Reputation: 3253
I'm using below command to launch a cluster.
./elastic-mapreduce --create \
--stream \
--cache s3n://bucket_name/code/totalInstallUsers#totalInstallUsers \
--input s3n://bucket_name/input \
--output s3n://bucket_name/output \
--mapper s3n://bucket_name/code/mapper.py \
--reducer s3n://bucket_name \
--jobflow-role EMR_EC2_DefaultRole \
--service-role EMR_DefaultRole \
--debug \
--log-uri s3n://bucket_name/logs
and I always got below error message. If I remove the --cache statement, the cluster will be launched successfully.

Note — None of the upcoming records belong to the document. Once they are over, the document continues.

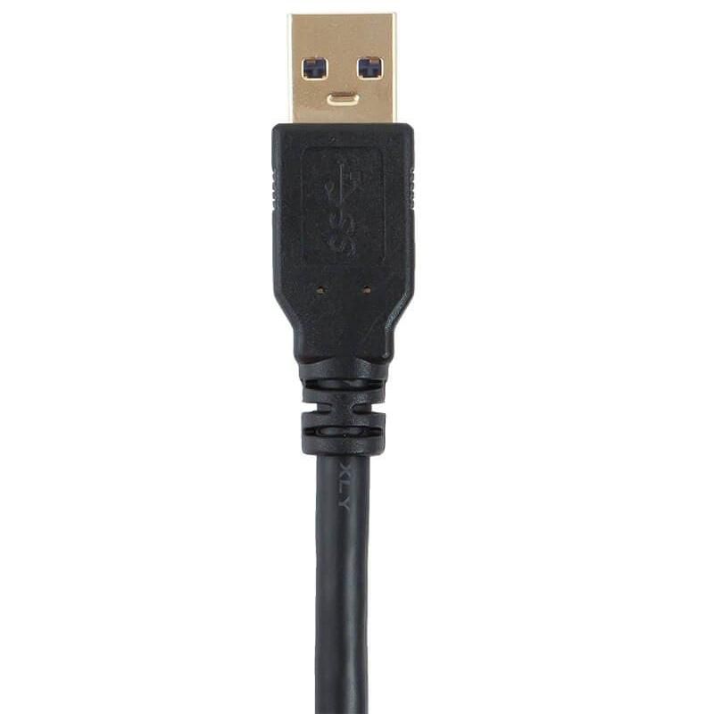 • This cable features a USB 3.0 A male connector on one end and a USB 3.0 B female connector on the other end.
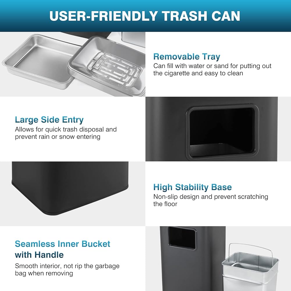 【سلة مهملات سوداء سهلة الاستخدام】تم تصميم سلة المهملات هذه بغطاء قابل للإزالة ودلو داخلي لسهولة تفريغ القمامة وتغيير أكياس القمامة. يمكن لغطاء منفضة السجائر أن يمنع مياه الأمطار والثلج والصقيع من التجمع في حاوية النفايات. مدخل ذو فتحة جانبية واسعة للغاية يجعل من السهل رمي سلة المهملات أثناء التنقل دون لمس الغطاء.
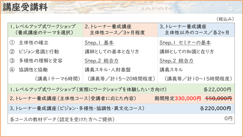 ライセンス料は、MBDGsのワークショップを導入する法人や、ワークショップを実施するトレーナーが、プログラム使用料としてライセンス料を払うものです。
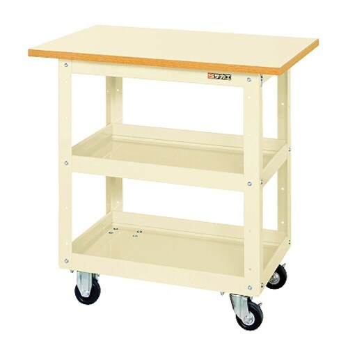 ニューCSスーパーワゴン中量タイプ 耐荷重200kg ゴム車 アイボリー 幅900奥行600高さ760mm 2段+天板付 移動式 1台 CSWA−757TJI(お客様組立て)
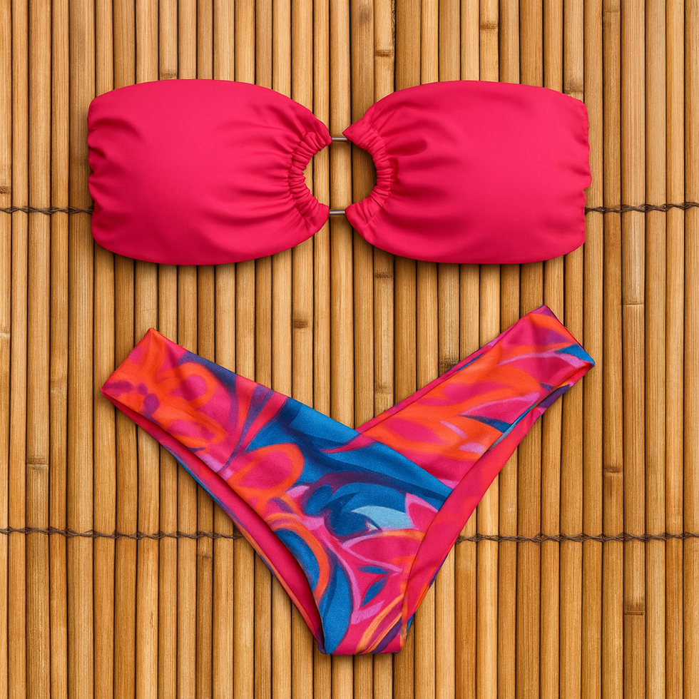 This stylish bandeau bikini set features a bold fuchsia top with a flattering central ring detail that enhances the silhouette while creating a modern and feminine shape. The high-cut bikini bottom showcases a vivid tropical print with warm sunset tones, bringing energy and sophistication to this luxury swimwear piece.
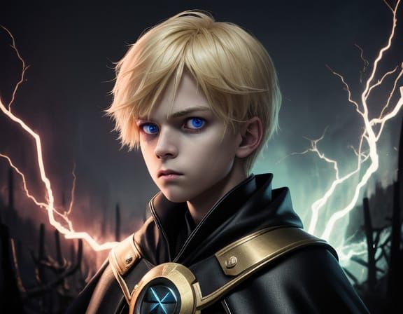 This image shows an eerie child portrait of a boy with glowing voltage eyes and a cape, rendered in a garish and colorful oil painting style with dynamic lighting.

Error: undefined method each' for #<String:0x00000002c28ba0>
/home/ubuntu/data_processing/commands.rb:806:in
steps'
/home/ubuntu/data_processing/commands.rb:1232:in block in enact'
/home/ubuntu/data_processing/commands.rb:1232:in
map'
/home/ubuntu/data_processing/commands.rb:1232:in enact'
/home/ubuntu/data_processing/commands.rb:49:in
block in enact'
/home/ubuntu/data_processing/commands.rb:49:in each'
/home/ubuntu/data_processing/commands.rb:49:in
enact'
/home/ubuntu/data_processing/commands.rb:2422:in create_and_execute_commands'
/home/ubuntu/data_processing/elastic-mapreduce-cli.rb:13:in
'
/usr/lib/ruby/1.9.1/rubygems/custom_require.rb:36:in require'
/usr/lib/ruby/1.9.1/rubygems/custom_require.rb:36:in
require'
./elastic-mapreduce:6:in `'
Reason to use --cache is that I wish from mapper.py I can open the datafile via "with open('./totalInstallUsers', 'r') as infile:
could anyone give me a clue? thanks
Upvotes: 1
Views: 293
Reputation: 3253
Here to post the solution I got, hopefully helpful for others. Using AWS EMR, the command look like:
aws emr create-cluster
--name "cluster--name"
--enable-debugging
--log-uri s3://bucket-name/logs
--ami-version 3.7.0
--use-default-roles
--ec2-attributes KeyName=your-key
--instance-type m3.xlarge
--instance-count 3
--auto-terminate
--steps file://./streaming.json
And in Streaming.json, it looks like:
[
{
"Type": "STREAMING",
"Name": "Streaming program",
"ActionOnFailure": "TERMINATE_CLUSTER",
"Args": [
"-files","s3://bucket-name/code/mapper.py,s3://bucket-name/code/reducer.py",
"-mapper","mapper.py",
"-reducer","reducer.py",
"-input","s3://bucket-name/input",
"-output","s3://bucket-name/output",
"-cacheFile", "s3://bucket_name/code/data-file-name#new-file-name"
]
}
]
Upvotes: 1